Ephaniah’s squeak fell to a whisper. “Morwenna, I have come to ask for your help. Although they are escaping the Queste, they are also—”

“They?” asked Morwenna.

“I also have the Princess and an ex-member of the Manuscriptorium staff with me.”

“Well, well. You don’t do things by halves, do you, Ephaniah? The Princess in the Forest, eh? That must be a first.”

“I need your advice. They have lost their brother.”

“In another Time, so it seems.”

“You know?”

“A witch must keep up with the gossip.” Morwenna smiled.

“I…have a favor to ask,” said Ephaniah hesitantly.

“There is no harm in asking.”

Ephaniah took a deep breath. “I have come to ask you to show them the Forest Way.”

“Ah.” Morwenna’s light-heartedness at seeing Ephaniah vanished. She took a step back as if to distance herself from him.

“Please.”

Morwenna sighed. “Ephaniah, this knowledge is not mine to give. It must be paid for.”

Ephaniah’s eyes pleaded. “But it may save two young lives—or more.”

“Then you have just raised the price.”

“Morwenna—please.”

Morwenna smiled, a little distant. “Ephaniah, enough,” she said. “Spend the day at our Circle. I will dress your foot and then we shall talk. Yes?”

Septimus and Beetle enjoyed the Summer Circle that afternoon—Jenna did not. While Morwenna was fussing with a large green poultice on Ephaniah’s swollen foot, Septimus and Beetle chatted with the young witches. Septimus even had some beads braided into his hair—much to Beetle’s amusement. But Jenna sat at the door of the guest tepee, keeping a tight rein on Ullr and watching with a marked air of disapproval. Jenna did not take to the young witches. She mistrusted their talk of goddesses and spirits and their haughty, confident attitude. Compared with the sober Castle inhabitants they seemed so foreign—with their bright beaded tunics, fingers heavy with silver rings, the tangles of beads and feathers woven into their hair and their general air of sunburned grubbiness.

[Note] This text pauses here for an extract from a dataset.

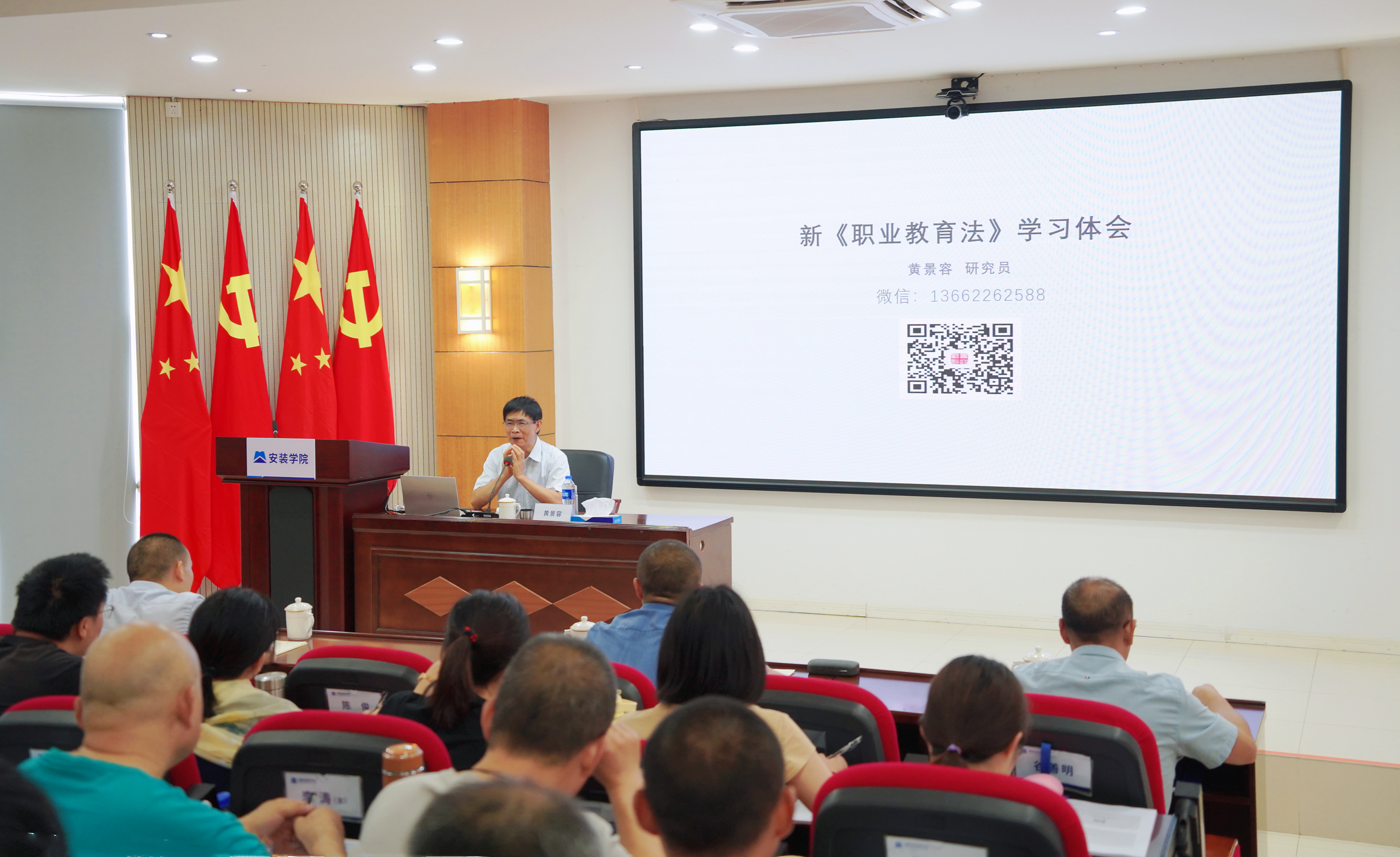 为深入贯彻落实习近平法治思想,深入学习全国职业教育大会精神,做好新《职业教育法》普法工作,根据学院2022暑期教职工集中培训系列活动安排。7月5日,学院邀请人社部技工教育专家、人社部国家级高技能人才培训基地项目评审专家黄景容教授作“解读新《职业教育法》和《技工教育十四五规划》”专题讲座。学院党委书记、院长陈俊出席讲座,学院全体教职员工参加讲座。

Ephaniah sat by the campfire with his foot covered in an uncomfortably hot poultice, trying to think how he could persuade Morwenna to show them the Forest Way. Having—foolishly, he now realized—promised Morwenna’s help, he could not bear to let Jenna and Septimus down. He was willing to pay anything that Morwenna asked, but she would not name her price. “We will talk tonight under the moon,” was all she would say.

Darkness began to fall and—with the Transformation

of the DayUllr into the NightUllr—the atmosphere became electric. The witches crowded around Jenna and the panther.

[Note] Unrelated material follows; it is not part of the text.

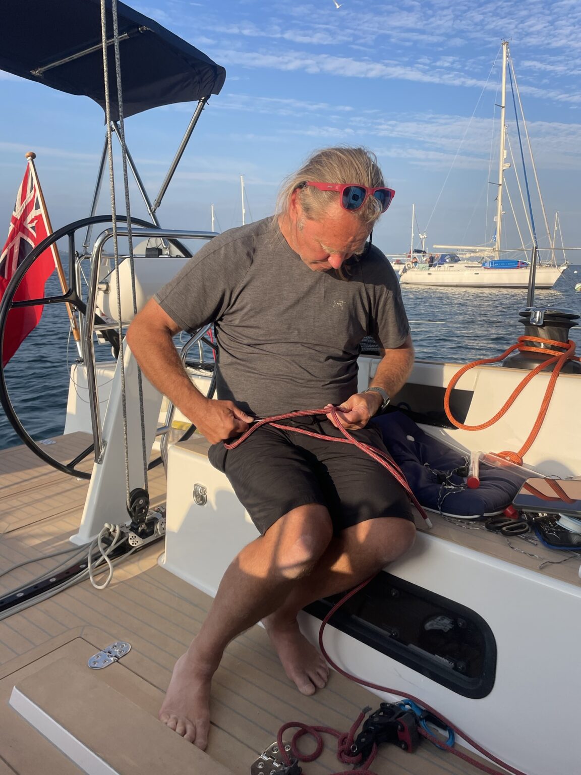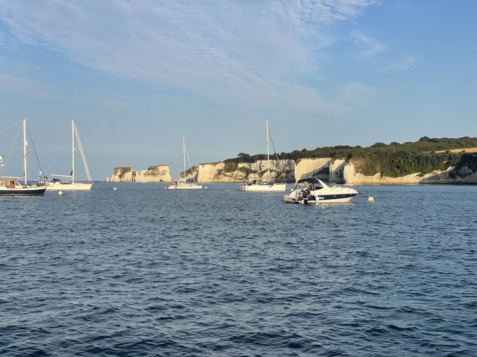Studland was busy but we found a buoy and I used our special slip-through boat hook for the first time as the buoy had lost its mooring rope so I had to feed our rope through the metal hoop on the top of the buoy. Success on the second attempt!

They said not a word but their bright blue eyes glittered in the darkness: everywhere Jenna looked two points of blue would meet her gaze briefly and then look away. Ullr seemed unconcerned. He lay down at Jenna’s side and, apart from a watchful twitch of the end of his tail, he did not move a muscle.

At long last, the uncomfortable evening around the witches’ campfire came to an end and Jenna, Septimus and Beetle threw themselves gratefully onto the pile of rancid goat furs in the guest tepee. Exhausted, Jenna fell fast asleep with her arm around Ullr. But Septimus lay wide awake, listening to the desultory chatter of the witches settling down for the night and the sporadic screeches and screams of the nighttime creatures far below in the Forest.

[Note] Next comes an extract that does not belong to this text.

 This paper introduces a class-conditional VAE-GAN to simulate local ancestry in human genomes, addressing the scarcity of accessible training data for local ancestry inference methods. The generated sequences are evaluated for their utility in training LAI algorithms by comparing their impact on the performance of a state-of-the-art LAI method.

Septimus was angry with Morwenna. His mother was right, he thought, as he lay under a damp goatskin and sneezed for the umpteenth time. You never really knew where you were with a Wendron Witch. The events of the evening kept going through his head. It had started well enough, even though Jen had seemed a bit twitchy. Morwenna had made them guests of honor. Rugs and cushions were spread for them to sit on and the entire Coven had been introduced and had joined them in a large circle around the campfire. Huge logs—needing three witches apiece to carry them—were hauled off the woodpile and thrown onto the fire. He had watched the flames and sparks leap into the night sky and felt the surge of hope and possibilities that an evening around a blazing campfire brings.